→ **Problem details**:
Below is a listing. Quote from it, exactly, the lines from the one containing "Chi siamo: Switcho, parte" down to the one containing "Wyróżnienie za jedną", both ends included, and nothing else.

╭─ Entries provided

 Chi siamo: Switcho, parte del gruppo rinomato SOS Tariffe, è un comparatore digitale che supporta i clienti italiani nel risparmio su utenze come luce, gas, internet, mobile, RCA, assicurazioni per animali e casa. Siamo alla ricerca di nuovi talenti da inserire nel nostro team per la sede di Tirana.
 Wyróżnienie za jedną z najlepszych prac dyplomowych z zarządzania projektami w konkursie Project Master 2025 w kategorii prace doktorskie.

╰─
╭─ Entries provided

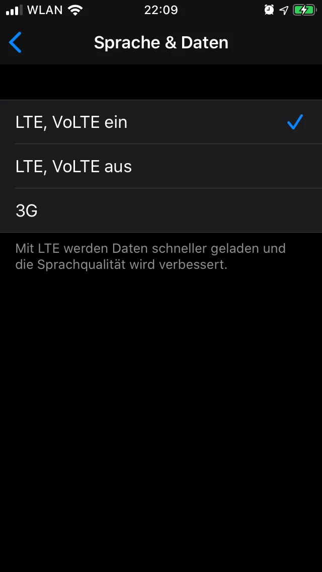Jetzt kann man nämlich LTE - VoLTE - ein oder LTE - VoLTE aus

╰─

→ **Result for this task**:
 Chi siamo: Switcho, parte del gruppo rinomato SOS Tariffe, è un comparatore digitale che supporta i clienti italiani nel risparmio su utenze come luce, gas, internet, mobile, RCA, assicurazioni per animali e casa. Siamo alla ricerca di nuovi talenti da inserire nel nostro team per la sede di Tirana.
 Wyróżnienie za jedną z najlepszych prac dyplomowych z zarządzania projektami w konkursie Project Master 2025 w kategorii prace doktorskie.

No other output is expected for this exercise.